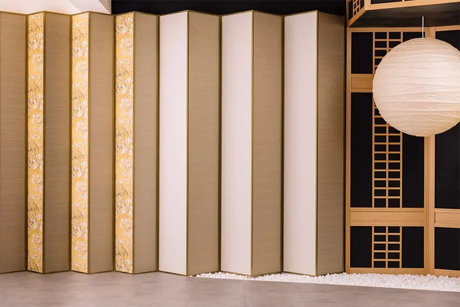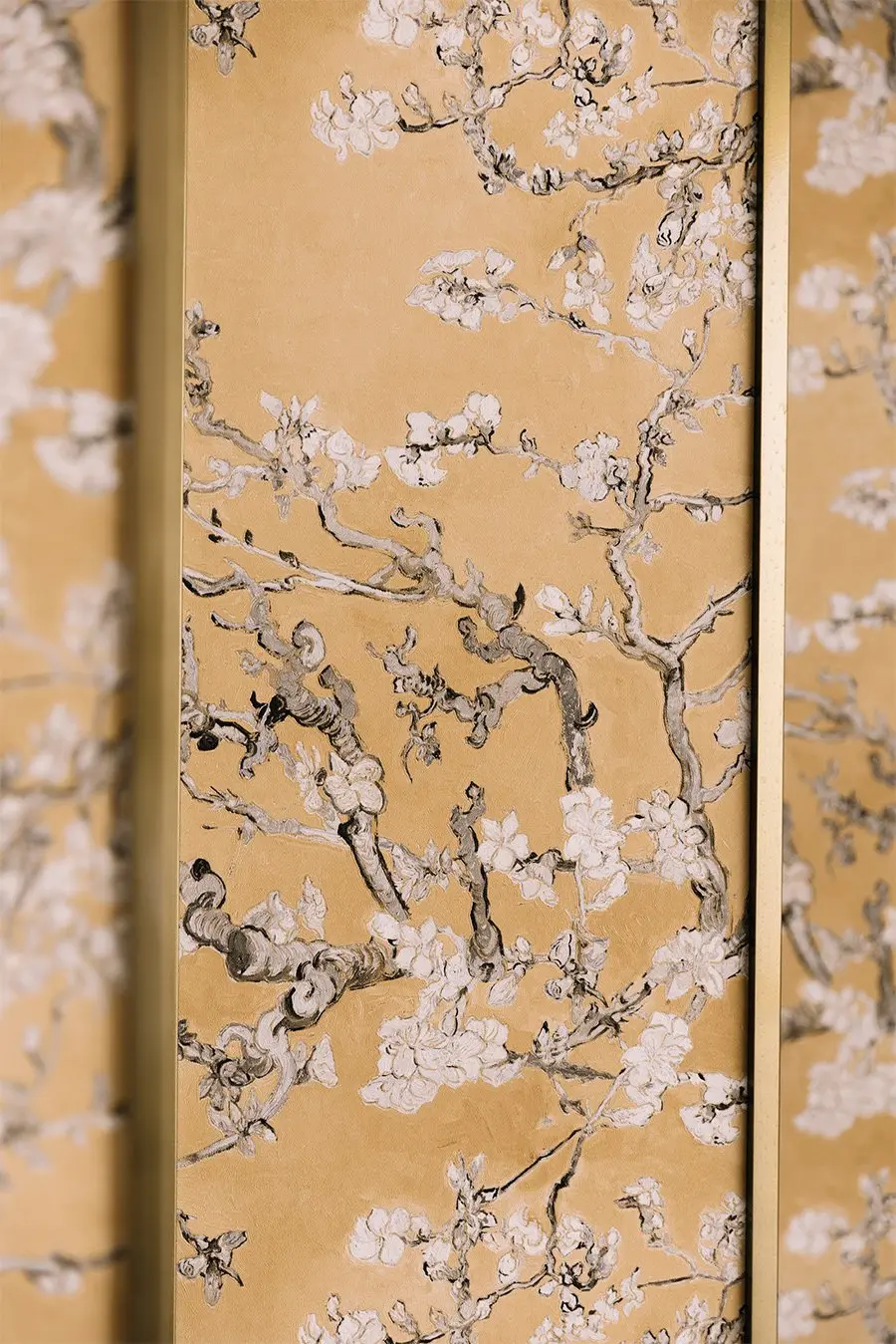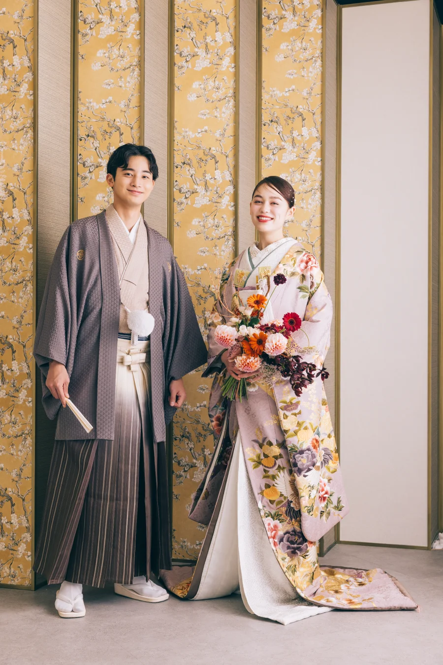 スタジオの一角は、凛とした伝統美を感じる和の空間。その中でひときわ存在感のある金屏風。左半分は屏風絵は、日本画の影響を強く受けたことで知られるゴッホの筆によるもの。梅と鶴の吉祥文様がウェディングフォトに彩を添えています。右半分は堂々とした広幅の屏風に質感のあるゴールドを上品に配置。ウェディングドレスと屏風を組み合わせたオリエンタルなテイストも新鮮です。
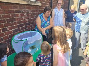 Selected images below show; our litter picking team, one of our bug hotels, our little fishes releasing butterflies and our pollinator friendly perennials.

++++++

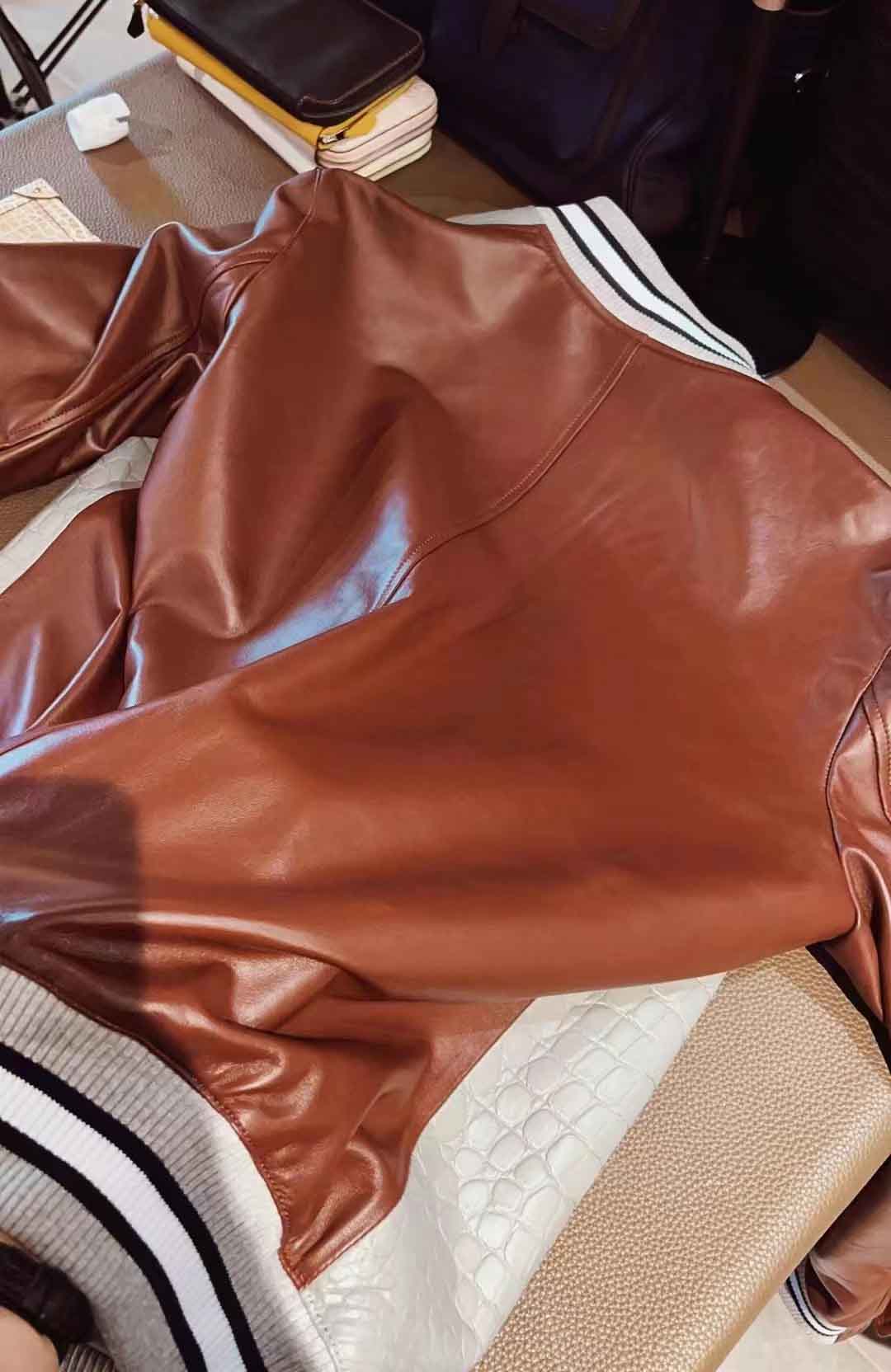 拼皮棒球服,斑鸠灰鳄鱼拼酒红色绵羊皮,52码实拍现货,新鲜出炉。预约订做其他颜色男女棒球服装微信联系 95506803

++++++

From the line holding "スタジオの一角は、凛とした伝" to the line holding "Selected images below", both included, retype the entries above exactly and drop the pictures.

 スタジオの一角は、凛とした伝統美を感じる和の空間。その中でひときわ存在感のある金屏風。左半分は屏風絵は、日本画の影響を強く受けたことで知られるゴッホの筆によるもの。梅と鶴の吉祥文様がウェディングフォトに彩を添えています。右半分は堂々とした広幅の屏風に質感のあるゴールドを上品に配置。ウェディングドレスと屏風を組み合わせたオリエンタルなテイストも新鮮です。
 Selected images below show; our litter picking team, one of our bug hotels, our little fishes releasing butterflies and our pollinator friendly perennials.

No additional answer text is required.